*** Begin section ***
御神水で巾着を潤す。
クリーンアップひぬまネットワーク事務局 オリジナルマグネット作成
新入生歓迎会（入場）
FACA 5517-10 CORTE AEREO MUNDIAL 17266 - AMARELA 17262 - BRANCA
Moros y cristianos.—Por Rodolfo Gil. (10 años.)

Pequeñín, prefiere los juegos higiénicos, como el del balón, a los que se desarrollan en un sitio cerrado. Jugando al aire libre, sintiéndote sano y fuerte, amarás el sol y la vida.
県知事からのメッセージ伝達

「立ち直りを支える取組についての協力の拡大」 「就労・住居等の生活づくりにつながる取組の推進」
*** End section ***
*** Begin section ***
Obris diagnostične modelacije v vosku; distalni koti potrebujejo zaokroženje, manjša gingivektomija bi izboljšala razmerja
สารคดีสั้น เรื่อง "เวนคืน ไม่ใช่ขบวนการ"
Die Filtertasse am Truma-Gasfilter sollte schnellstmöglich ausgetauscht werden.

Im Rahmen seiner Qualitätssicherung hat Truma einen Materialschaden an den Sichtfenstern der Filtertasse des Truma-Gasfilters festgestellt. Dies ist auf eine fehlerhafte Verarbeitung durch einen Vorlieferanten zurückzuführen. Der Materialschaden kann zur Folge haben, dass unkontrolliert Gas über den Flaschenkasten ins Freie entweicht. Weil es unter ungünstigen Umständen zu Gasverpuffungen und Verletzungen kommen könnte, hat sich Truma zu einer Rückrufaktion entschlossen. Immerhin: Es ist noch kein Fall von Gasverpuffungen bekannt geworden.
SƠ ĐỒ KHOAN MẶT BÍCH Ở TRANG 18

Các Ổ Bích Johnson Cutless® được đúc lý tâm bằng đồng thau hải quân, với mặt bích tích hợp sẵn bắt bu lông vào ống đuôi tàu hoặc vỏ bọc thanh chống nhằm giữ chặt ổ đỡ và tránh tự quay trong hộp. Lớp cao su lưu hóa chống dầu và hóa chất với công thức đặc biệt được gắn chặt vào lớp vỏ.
*** End section ***
*** Begin section ***
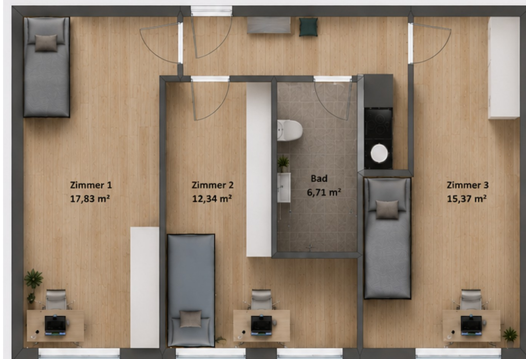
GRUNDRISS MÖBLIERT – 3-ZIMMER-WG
*** End section ***
Aim of the task: From the entries above, print the lines beginning at the one with "Die Filtertasse am" and stopping after the one with "SƠ ĐỒ KHOAN MẶT BÍCH Ở TRANG 18", exactly as written and with nothing else.

Answer below:
Die Filtertasse am Truma-Gasfilter sollte schnellstmöglich ausgetauscht werden.

Im Rahmen seiner Qualitätssicherung hat Truma einen Materialschaden an den Sichtfenstern der Filtertasse des Truma-Gasfilters festgestellt. Dies ist auf eine fehlerhafte Verarbeitung durch einen Vorlieferanten zurückzuführen. Der Materialschaden kann zur Folge haben, dass unkontrolliert Gas über den Flaschenkasten ins Freie entweicht. Weil es unter ungünstigen Umständen zu Gasverpuffungen und Verletzungen kommen könnte, hat sich Truma zu einer Rückrufaktion entschlossen. Immerhin: Es ist noch kein Fall von Gasverpuffungen bekannt geworden.
SƠ ĐỒ KHOAN MẶT BÍCH Ở TRANG 18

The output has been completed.